• _SUPPLIED DATA_
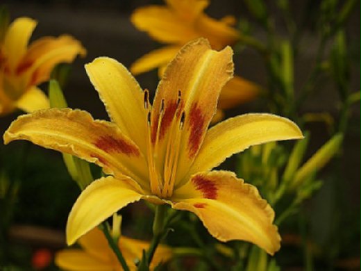 可惜金針山上的農家因金針的收成不好,目前除了部份供為觀光用外,幾乎都改種他種經濟作物或成為民宿業者的附屬品了。加上時令不對,山上一朵花也沒有。還好在金針博物館前有業者專門培養來展示的幾盆花,看來不錯,正好拍了來應景。
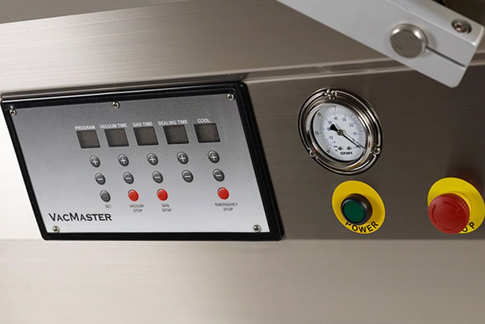 Our smaller machines have a control unit with the basic settings. The plug- and-play design of the machines makes installation easy and does not require any adjustments in 90% of the situations. For special packaging requirements the machine offers the flexibility to adjust sealing time and vacuum time. The vacuum time can be set and the vacuumlevel reached can be monitored with the vacuum meter.
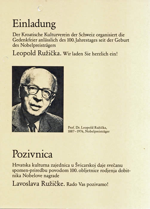 "... U ime HKZ-e dužnnost mi je obavijestiti vas o upravo dovrÅ¡enom osnutku naÅ¡eg Odbora za proslavu 100. obljetnice roÄ‘enja Lavoslava RužiÄke. Na sjednicama Glavnog odbora HKZ-e dne. 7. i 12. o.mj. dovrÅ¡eno je predlaganje i izbor kandidata. Popis sivh Älanova s adresama prilažem ovome pismu.
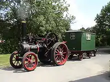 A particularly distinctive form of road locomotive was the showman's engine.[29] These were operated by travelling showmen both to tow fairground equipment and to power it when set up, either directly or by running a generator.[29] These could be highly decorated and formed part of the spectacle of the fair.[29] Some were fitted with a small crane that could be used when assembling the ride.[30] About 400 were built with 107 surviving into preservation.[30]
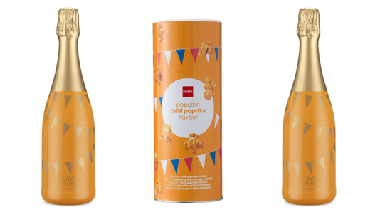 Ter ere van de verjaardag van onze Koning is HEMA’s welbekende cava in een oranje jasje gestoken. Daarnaast heeft HEMA limited edition kokers met oranjekleurige popcorn in licht pittige chilli en paprika smaak.
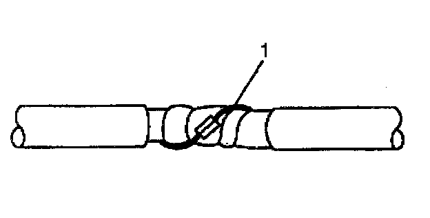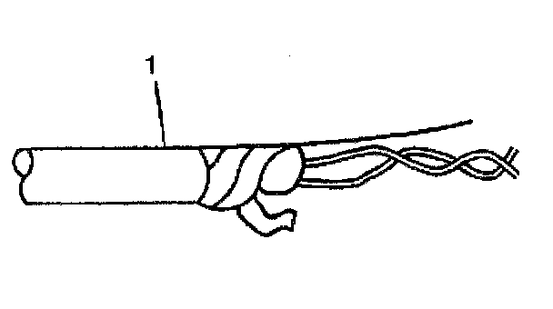 1. Remove the outer jacket (1). Use care not to cut into the drain wire of the MYLAR tape.
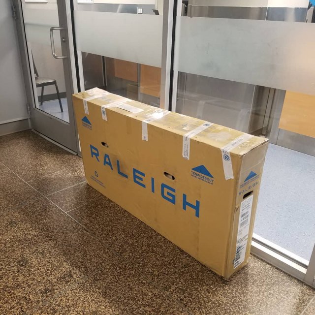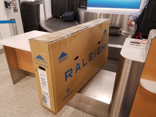 You may notice that there are some white stripes on the box that weren’t there when I checked it in. The TSA apparently thinks that a bicycle is a highly dangerous object, so they took the whole thing apart and put it back together again at some point in transit. Thanks, TSA!
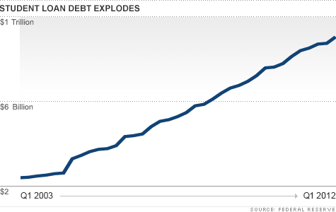 Student loan debt hit $904 billion in the first quarter of 2012, up from $241 billion a decade ago, according to the Federal Reserve Bank of New York quarterly household debt report. That's up 275% since the same period in 2003. [...]
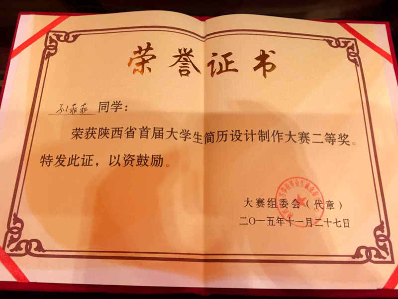 陕西省首届大学生简历设计制作大赛由陕西省教育厅、陕西省高等学校毕业生就业服务中心等单位联合举办,大赛自10月中旬开始,历时一个多月,共有来自全省59所高校的1751名毕业生参加比赛,经过初赛、复赛、网上决赛等环节,最终来自13所高校的15名选手进入现场总决赛环节,总决赛选手通过现场展示VCR,陈述自己简历,最后由评委和用人单位进行提问,并现场点评和打分,评出奖项。本次大赛中成人网址 获得最佳组织单位奖,孙菲菲简历指导教师白金凤老师获得优秀指导教师奖。
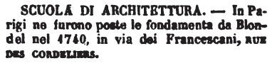 | Scuola di architettura - In Parigi ne furono poste le fondamenta da Blondel nel 1740, in via dei Francescani, Rue des Cordeliers. [immagine] |
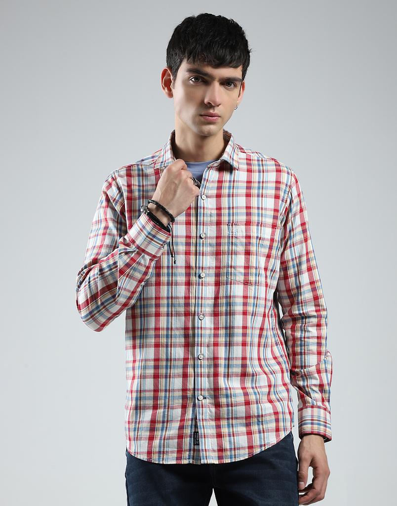 MONTE CARLO Męska koszula w kratę z czerwonym kołnierzykiem, z długim rękawem
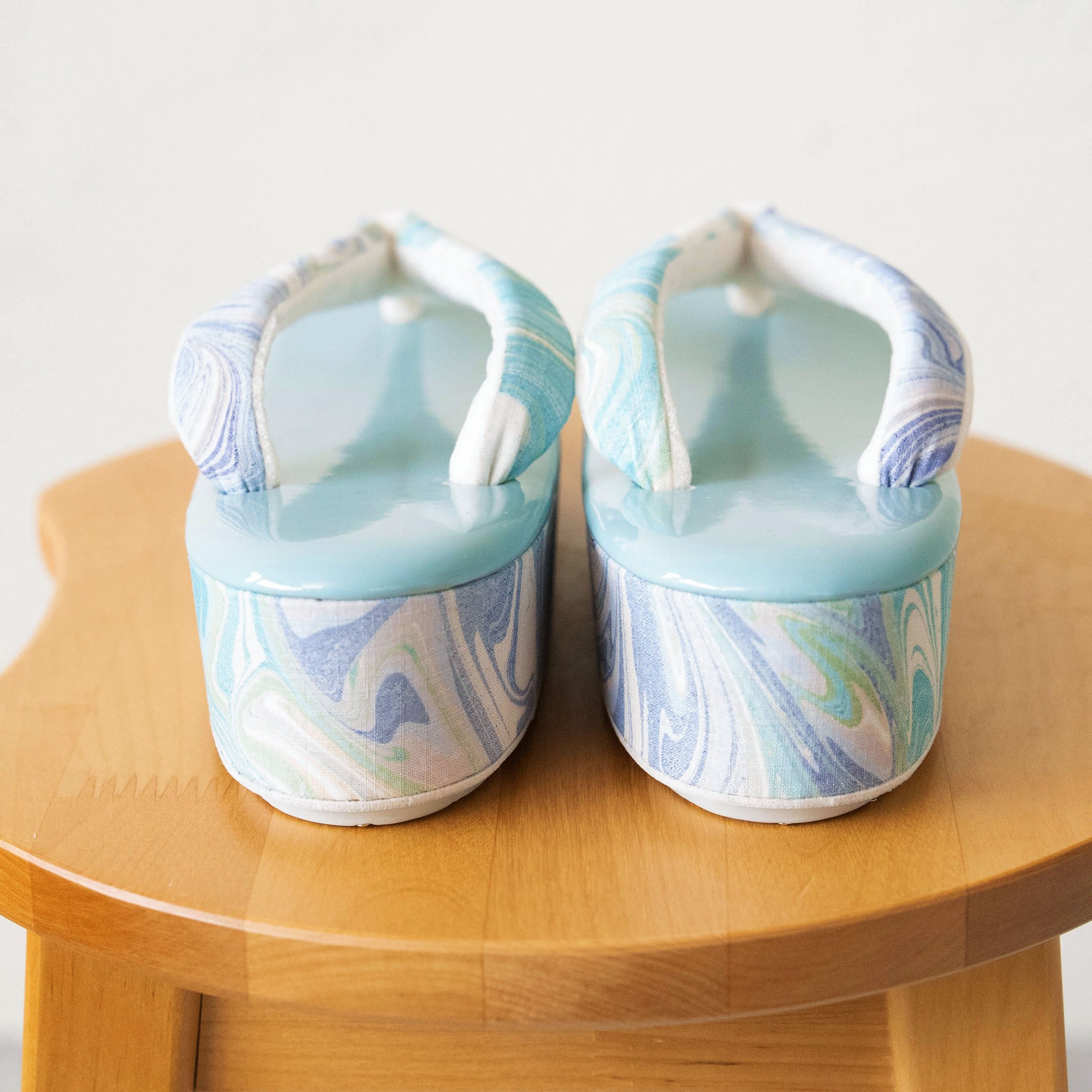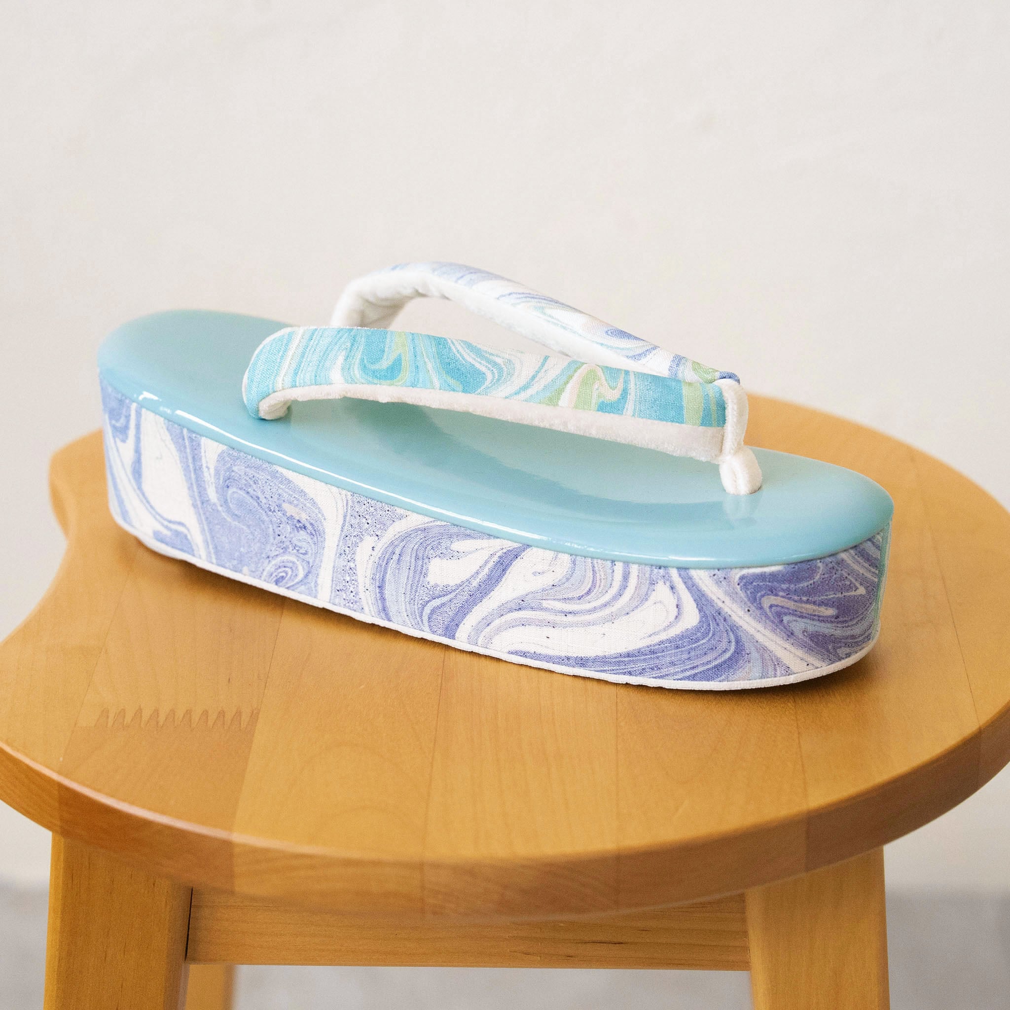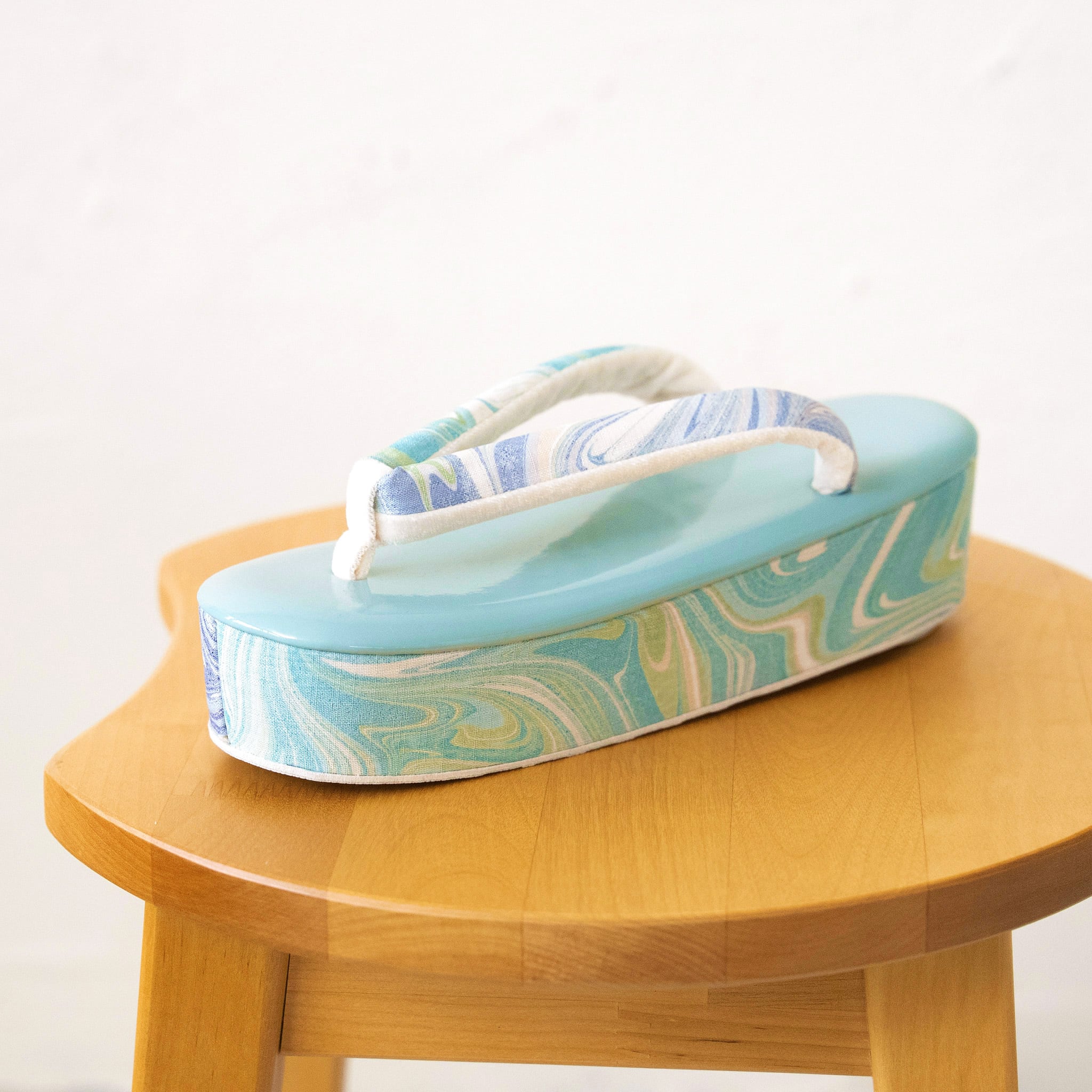 墨流し技法で一点ずつ手染めされた生地を、鼻緒と側面にあしらった草履です。

• _WHAT TO WORK ON_
Pictures do not go in the copy; print every entry exactly as it stands.

• _RESPONSE_
 可惜金針山上的農家因金針的收成不好,目前除了部份供為觀光用外,幾乎都改種他種經濟作物或成為民宿業者的附屬品了。加上時令不對,山上一朵花也沒有。還好在金針博物館前有業者專門培養來展示的幾盆花,看來不錯,正好拍了來應景。
 Our smaller machines have a control unit with the basic settings. The plug- and-play design of the machines makes installation easy and does not require any adjustments in 90% of the situations. For special packaging requirements the machine offers the flexibility to adjust sealing time and vacuum time. The vacuum time can be set and the vacuumlevel reached can be monitored with the vacuum meter.
 "... U ime HKZ-e dužnnost mi je obavijestiti vas o upravo dovrÅ¡enom osnutku naÅ¡eg Odbora za proslavu 100. obljetnice roÄ‘enja Lavoslava RužiÄke. Na sjednicama Glavnog odbora HKZ-e dne. 7. i 12. o.mj. dovrÅ¡eno je predlaganje i izbor kandidata. Popis sivh Älanova s adresama prilažem ovome pismu.
 A particularly distinctive form of road locomotive was the showman's engine.[29] These were operated by travelling showmen both to tow fairground equipment and to power it when set up, either directly or by running a generator.[29] These could be highly decorated and formed part of the spectacle of the fair.[29] Some were fitted with a small crane that could be used when assembling the ride.[30] About 400 were built with 107 surviving into preservation.[30]
 Ter ere van de verjaardag van onze Koning is HEMA’s welbekende cava in een oranje jasje gestoken. Daarnaast heeft HEMA limited edition kokers met oranjekleurige popcorn in licht pittige chilli en paprika smaak.
 1. Remove the outer jacket (1). Use care not to cut into the drain wire of the MYLAR tape.
 You may notice that there are some white stripes on the box that weren’t there when I checked it in. The TSA apparently thinks that a bicycle is a highly dangerous object, so they took the whole thing apart and put it back together again at some point in transit. Thanks, TSA!
 Student loan debt hit $904 billion in the first quarter of 2012, up from $241 billion a decade ago, according to the Federal Reserve Bank of New York quarterly household debt report. That's up 275% since the same period in 2003. [...]
 陕西省首届大学生简历设计制作大赛由陕西省教育厅、陕西省高等学校毕业生就业服务中心等单位联合举办,大赛自10月中旬开始,历时一个多月,共有来自全省59所高校的1751名毕业生参加比赛,经过初赛、复赛、网上决赛等环节,最终来自13所高校的15名选手进入现场总决赛环节,总决赛选手通过现场展示VCR,陈述自己简历,最后由评委和用人单位进行提问,并现场点评和打分,评出奖项。本次大赛中成人网址 获得最佳组织单位奖,孙菲菲简历指导教师白金凤老师获得优秀指导教师奖。
 | Scuola di architettura - In Parigi ne furono poste le fondamenta da Blondel nel 1740, in via dei Francescani, Rue des Cordeliers. [immagine] |
 MONTE CARLO Męska koszula w kratę z czerwonym kołnierzykiem, z długim rękawem
 墨流し技法で一点ずつ手染めされた生地を、鼻緒と側面にあしらった草履です。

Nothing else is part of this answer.